◆ Provided material ◆
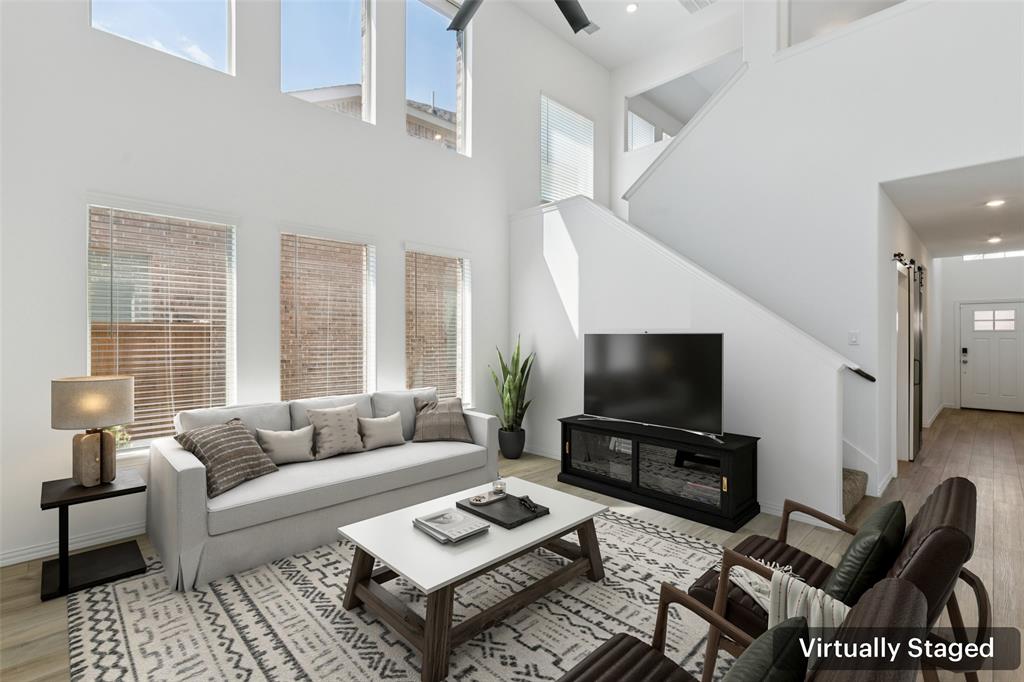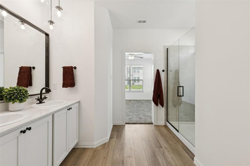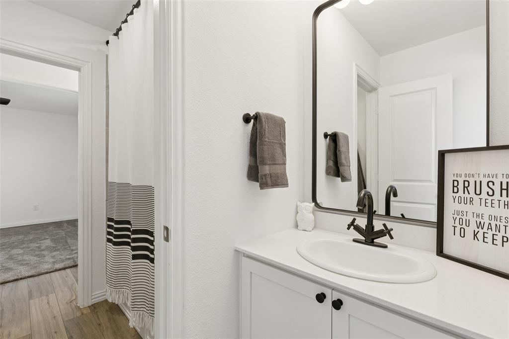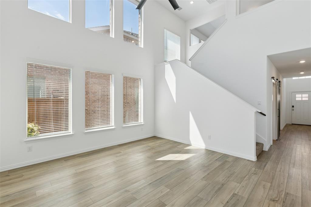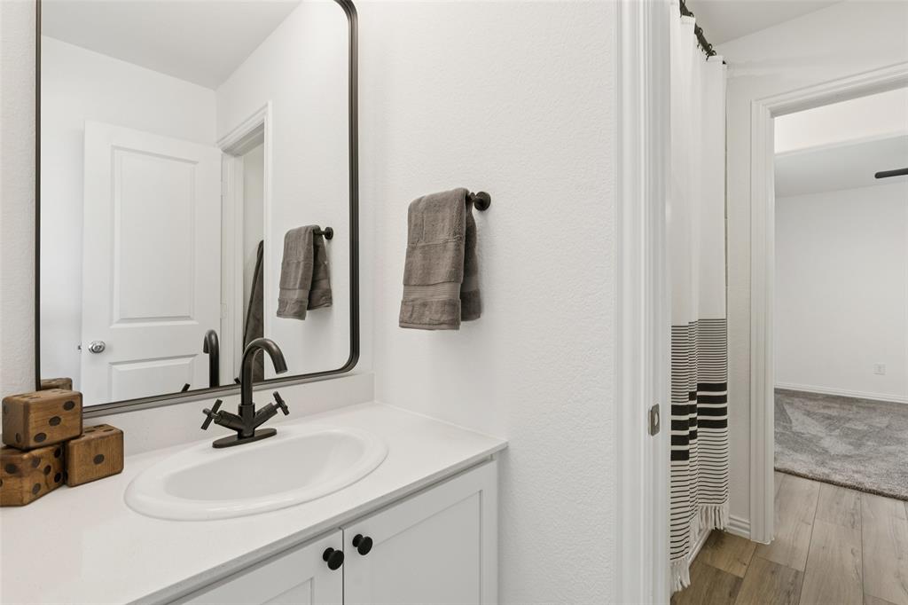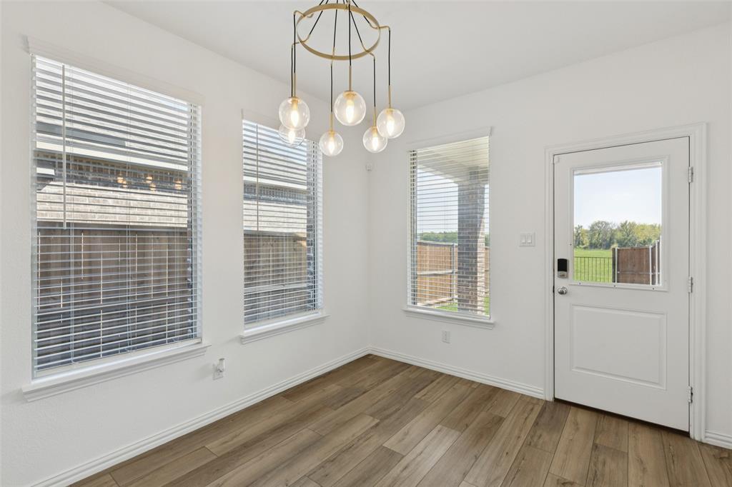 Better than new, this stunning 4-bedroom, 3-bath Justin home is filled with upgrades, ceiling fans, and thoughtful details throughout. From the moment you arrive, you are welcomed by soaring ceilings and modern elegance that set the tone for the entire home. At the heart of the open floor plan, the inviting living room features a wall of windows that fill the space with natural light and seamlessly connect to the enviable kitchen. The kitchen is a true showpiece, offering a large island with seating, built-in stainless steel appliances, and abundant cabinet and storage space—perfect for everyday living and entertaining. The serene downstairs primary suite provides a peaceful retreat with its spa-like ensuite bath, complete with dual sinks, a walk-in shower, and a spacious walk-in closet. A guest room and full bath are also conveniently located on the first floor, ideal for visitors or multi-generational living. Upstairs, you’ll find two generously sized secondary bedrooms joined by a Jack and Jill bath, along with a large family room that offers endless possibilities for a game room, media space, or second living area. Enjoy backyard views from the covered patio, perfect for relaxing or hosting gatherings. Situated on a desirable lot, this home truly combines comfort, style, and function—ready for you to move in and make your own. Great community amenities include a Lazy River, pool, parks, and trails. Just minutes from Elementary school. New paint, carpet, and refrigerator included. 3D tour available online.
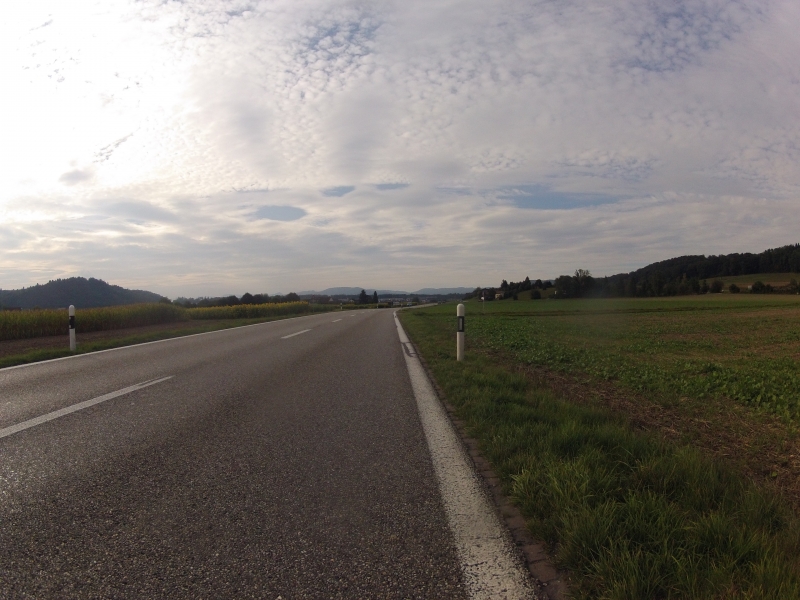Die erste Fahrt im Herbst. Nicht richtig sonnig, aber auch nicht viel Wolken. Irgendwie diffuses Licht, kaum Fernsicht. Temperaturen, naja, es war auch schon wärmer. Ich zog es jedenfalls vor, in 3/4-lang und mit Windschutz zu fahren, zumal ich nicht die Absicht hatte, grössere oder längere Rampen hinauf zu kurbeln.
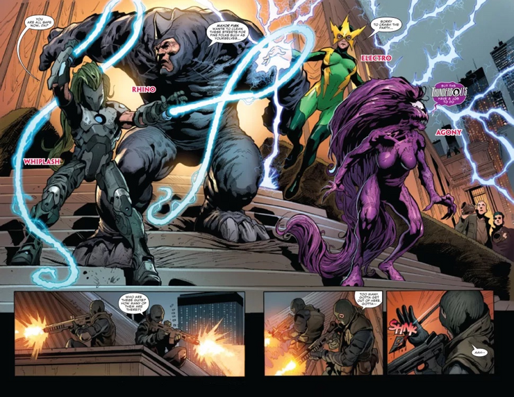 La primera orden del día de Fisk fue eliminar a todos los superhéroes que anteriormente se habían atrevido a desafiarlo. Al declarar que el “vigilantismo de superhéroes” es una amenaza para la seguridad del público, Fisk ordena el arresto de cualquier superhéroe dentro de los límites de la ciudad. Sin embargo, en lugar de depender de la fuerza policial, Fisk está creando un nuevo equipo de Thunderbolts de sus ejecutores seleccionados personalmente que incluye a Electro, Agony, Whiplash, Rhino y otros. Una vista previa reciente de Devil’s Reign: Villanos a sueldo #1 muestra que estos villanos ahora tendrán rienda suelta para combatir a los héroes de Nueva York.
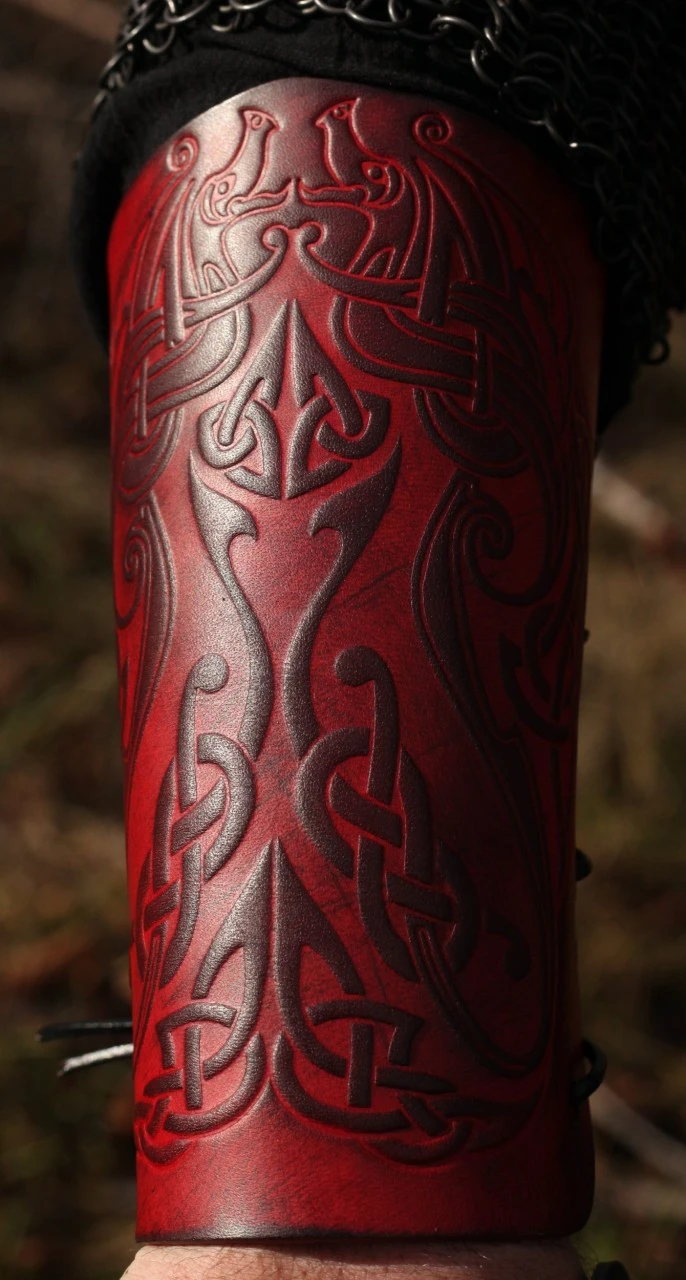 Leather Vambraces Raven, made of 3.5mm veg tan leather, embossed with a norse dragon design.
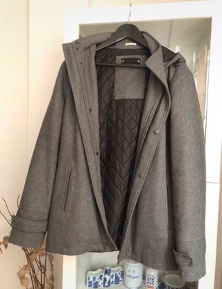 Abrigo acolchado de la marca Green Coast en color gris oscuro (negro). Da mucho calor. usado un par de veces. sin ningún desperfecto - Diseño acolchado. - Cierre de cremallera y botones. - Bolsillos frontales.
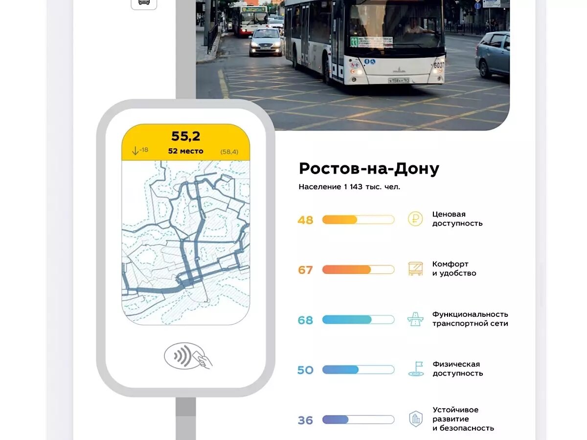 Ростов-на-Дону оказался на 52-й строчке в списке городов России по качеству общественного транспорта. Рейтинг был составлен специалистами SIMETRA (центр компетенций в области моделирования транспортных потоков и транспортного планирования) по данным на конец четвертого квартала 2025 года. По сравнению с 2022 годом донская столица опустилась вниз на 18 позиций. Эксперты анализировали по пяти параметрам. Ценовая доступность общественного транспорта в донской столице была оценена на 48 баллов. Проезд на автобусе недавно был повышен до 48 рублей. В итоге за две поездки людям приходится отдавать 100 рублей, если посчитать за месяц — это три тысячи рублей на одни только поездки. Доступности и комфорту дали 67 баллов. В эту характеристику входят вариативность тарифных планов и удобство использования транспортной карты, а также полнота и доступность сведений о функционировании транспортной системы. Эффективность транспортной системы (её способность обеспечивать передвижение) оценили на 68 балл
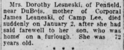 - Vital Records, Death certificate of Dorothy Lesneski, Pennsylvania Department of Health, File No 3012, 2 Jan 1918. View image
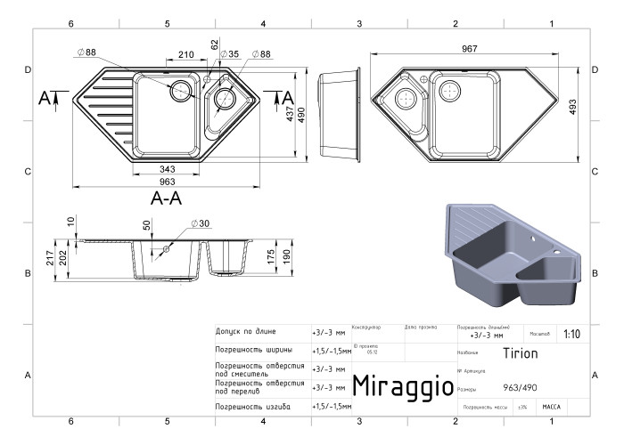 Кутова кухонна мийка Tirion представлена в 6 кольорах: білий, жасмин, пісочний, терра, сірий і чорний. Замовляючи кухонну мийку в інтернет-магазині сантехніки Miraggio ви отримуєте гарантію 10 років, 90 днів на обмін товару, а так само безкоштовну доставку.
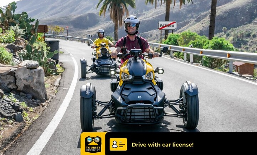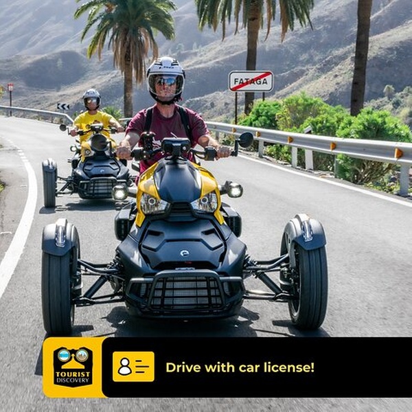Se necesita licencia de auto. Reservas para 2 o más adultos significa que compartirá los vehículos. Puede comprar más vehículo con nosotros. Comience su aventura con una breve introducción y papeleo en nuestra oficina / garaje. Después de una explicación de cómo manejar a los Can-Am Rykers, te atarás los cascos y saldrás a la carretera de Maspalomas a la encantadora ciudad de Fataga. Mientras conduces tu moto Ryker, quedarás cautivado por el impresionante paisaje de montaña. Las carreteras con curvas hacen un paseo agradable, ofreciendo vistas impresionantes. En Fataga, dar un paseo tranquilo para admirar sus hermosas casas. Nuestro viaje de regreso a Maspalomas incluye una parada en el panorámico "Mirador Astronómico de la Degollada de las Yeguas". Aquí, disfrutarás de impresionantes vistas de casi todas las Maspalomas. Únete a nosotros para una inolvidable visita guiada en moto que combina aventura y belleza natural. Tanto si eres un entusiasta de la moto como si buscas una excursión única para descubrir Gran Canaria de una manera única.

◆ What needs to be done ◆
Repeat the data exactly. No pictures should appear.

◆ Exercise result ◆
 Better than new, this stunning 4-bedroom, 3-bath Justin home is filled with upgrades, ceiling fans, and thoughtful details throughout. From the moment you arrive, you are welcomed by soaring ceilings and modern elegance that set the tone for the entire home. At the heart of the open floor plan, the inviting living room features a wall of windows that fill the space with natural light and seamlessly connect to the enviable kitchen. The kitchen is a true showpiece, offering a large island with seating, built-in stainless steel appliances, and abundant cabinet and storage space—perfect for everyday living and entertaining. The serene downstairs primary suite provides a peaceful retreat with its spa-like ensuite bath, complete with dual sinks, a walk-in shower, and a spacious walk-in closet. A guest room and full bath are also conveniently located on the first floor, ideal for visitors or multi-generational living. Upstairs, you’ll find two generously sized secondary bedrooms joined by a Jack and Jill bath, along with a large family room that offers endless possibilities for a game room, media space, or second living area. Enjoy backyard views from the covered patio, perfect for relaxing or hosting gatherings. Situated on a desirable lot, this home truly combines comfort, style, and function—ready for you to move in and make your own. Great community amenities include a Lazy River, pool, parks, and trails. Just minutes from Elementary school. New paint, carpet, and refrigerator included. 3D tour available online.
Die erste Fahrt im Herbst. Nicht richtig sonnig, aber auch nicht viel Wolken. Irgendwie diffuses Licht, kaum Fernsicht. Temperaturen, naja, es war auch schon wärmer. Ich zog es jedenfalls vor, in 3/4-lang und mit Windschutz zu fahren, zumal ich nicht die Absicht hatte, grössere oder längere Rampen hinauf zu kurbeln.
 La primera orden del día de Fisk fue eliminar a todos los superhéroes que anteriormente se habían atrevido a desafiarlo. Al declarar que el “vigilantismo de superhéroes” es una amenaza para la seguridad del público, Fisk ordena el arresto de cualquier superhéroe dentro de los límites de la ciudad. Sin embargo, en lugar de depender de la fuerza policial, Fisk está creando un nuevo equipo de Thunderbolts de sus ejecutores seleccionados personalmente que incluye a Electro, Agony, Whiplash, Rhino y otros. Una vista previa reciente de Devil’s Reign: Villanos a sueldo #1 muestra que estos villanos ahora tendrán rienda suelta para combatir a los héroes de Nueva York.
 Leather Vambraces Raven, made of 3.5mm veg tan leather, embossed with a norse dragon design.
 Abrigo acolchado de la marca Green Coast en color gris oscuro (negro). Da mucho calor. usado un par de veces. sin ningún desperfecto - Diseño acolchado. - Cierre de cremallera y botones. - Bolsillos frontales.
 Ростов-на-Дону оказался на 52-й строчке в списке городов России по качеству общественного транспорта. Рейтинг был составлен специалистами SIMETRA (центр компетенций в области моделирования транспортных потоков и транспортного планирования) по данным на конец четвертого квартала 2025 года. По сравнению с 2022 годом донская столица опустилась вниз на 18 позиций. Эксперты анализировали по пяти параметрам. Ценовая доступность общественного транспорта в донской столице была оценена на 48 баллов. Проезд на автобусе недавно был повышен до 48 рублей. В итоге за две поездки людям приходится отдавать 100 рублей, если посчитать за месяц — это три тысячи рублей на одни только поездки. Доступности и комфорту дали 67 баллов. В эту характеристику входят вариативность тарифных планов и удобство использования транспортной карты, а также полнота и доступность сведений о функционировании транспортной системы. Эффективность транспортной системы (её способность обеспечивать передвижение) оценили на 68 балл
 - Vital Records, Death certificate of Dorothy Lesneski, Pennsylvania Department of Health, File No 3012, 2 Jan 1918. View image
 Кутова кухонна мийка Tirion представлена в 6 кольорах: білий, жасмин, пісочний, терра, сірий і чорний. Замовляючи кухонну мийку в інтернет-магазині сантехніки Miraggio ви отримуєте гарантію 10 років, 90 днів на обмін товару, а так само безкоштовну доставку.
Se necesita licencia de auto. Reservas para 2 o más adultos significa que compartirá los vehículos. Puede comprar más vehículo con nosotros. Comience su aventura con una breve introducción y papeleo en nuestra oficina / garaje. Después de una explicación de cómo manejar a los Can-Am Rykers, te atarás los cascos y saldrás a la carretera de Maspalomas a la encantadora ciudad de Fataga. Mientras conduces tu moto Ryker, quedarás cautivado por el impresionante paisaje de montaña. Las carreteras con curvas hacen un paseo agradable, ofreciendo vistas impresionantes. En Fataga, dar un paseo tranquilo para admirar sus hermosas casas. Nuestro viaje de regreso a Maspalomas incluye una parada en el panorámico "Mirador Astronómico de la Degollada de las Yeguas". Aquí, disfrutarás de impresionantes vistas de casi todas las Maspalomas. Únete a nosotros para una inolvidable visita guiada en moto que combina aventura y belleza natural. Tanto si eres un entusiasta de la moto como si buscas una excursión única para descubrir Gran Canaria de una manera única.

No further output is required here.